Беседы палача и сильги - Руслан Алексеевич Михайлов
Меня вдруг окатило еще одной горячей волной — смешением стыда и первых всплесков праведного негодования:
— Не подумала ли ты, что я взялся за меч…
Рассмеявшись, она тряхнула головой:
— Дабы вонзить его мне в спину? Жизнью больше, жизнью меньше — разве палач ведет счет? Нет, палач Рург. Я доверяю тебе достаточно, чтобы спать подле тебя ночью и не бояться за девичью честь или жизнь.
— Что ж… благодарю…
— Но ты не ответил. Что насторожило тебя?
— Испугало — поправил я ее, тычком колена заставляя лошадь двинуться дальше по тропе.

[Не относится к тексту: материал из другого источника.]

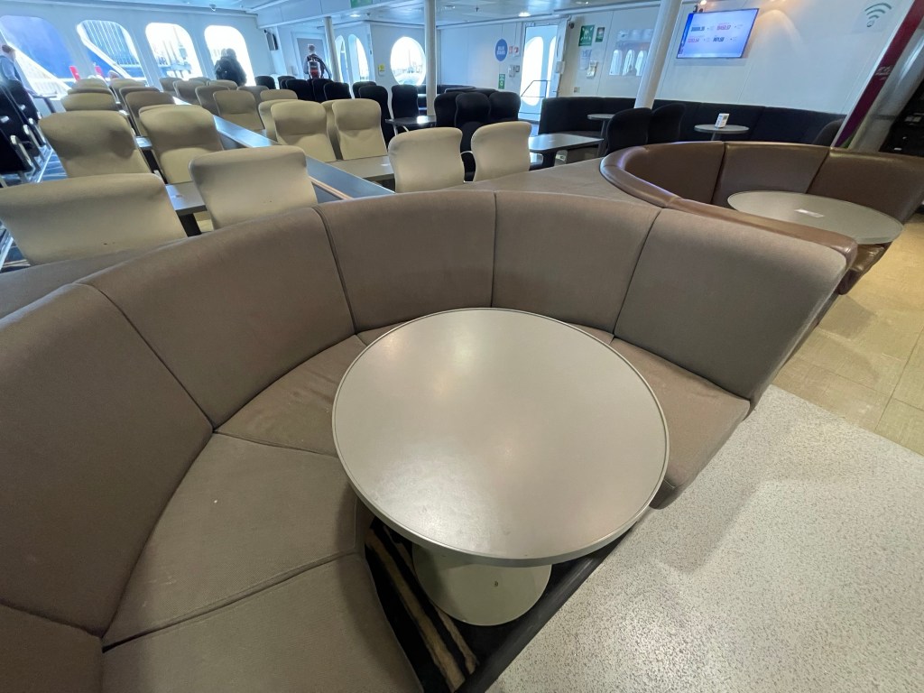 We caught a Stena Line ferry over to Dublin, so for the heck of it I booked the other one, Irish Ferries, for the trip back to Wales. The check in process was super simply, just ‘yeah throw your bags over there on the belt and go up the escalator’. Too easy. Just had time to smash a coffee at a little cafe in the terminal and next thing you know it was time to get on another bus to be taken over to the ferry. This time, the bus didn’t dump us inside the ferry itself, just near the front, so we walked in. Their signage was on point, before we knew it we were at the door to the Club Class lounge, where we paid a few extra bucks for some free snacks and drinks. We found seats, settled in, I grabbed a free glass of Apple juice, and … next minute it was already time to disembark!

— Не каждый муж признается в обуявшем его страхе, а лишь сильнейший.
— Глупая долинная поговорка — рассмеялся я, чувствуя, что страх окончательно рассеялся, а спина медленно высыхает — И я не знаю, чего испугался. Словно… укол… ледяной укол…
— Нехорошо — лицо сильги помрачнело, а вот ее глаза напротив налились светом.
— Брось — фыркнул я, хотя внутренняя сторожкость никуда не делась — Туман, вечерняя пора, зябкость… вот и чудится всякое.
— Так что почудилось?
— А сам не знаю. Просто… я будто ощутил на себя ледяной взгляд — медленно проговорил я, отодвигая рукой мокрую ветку с побуревшими листьями — Тяжелый недобрый взгляд.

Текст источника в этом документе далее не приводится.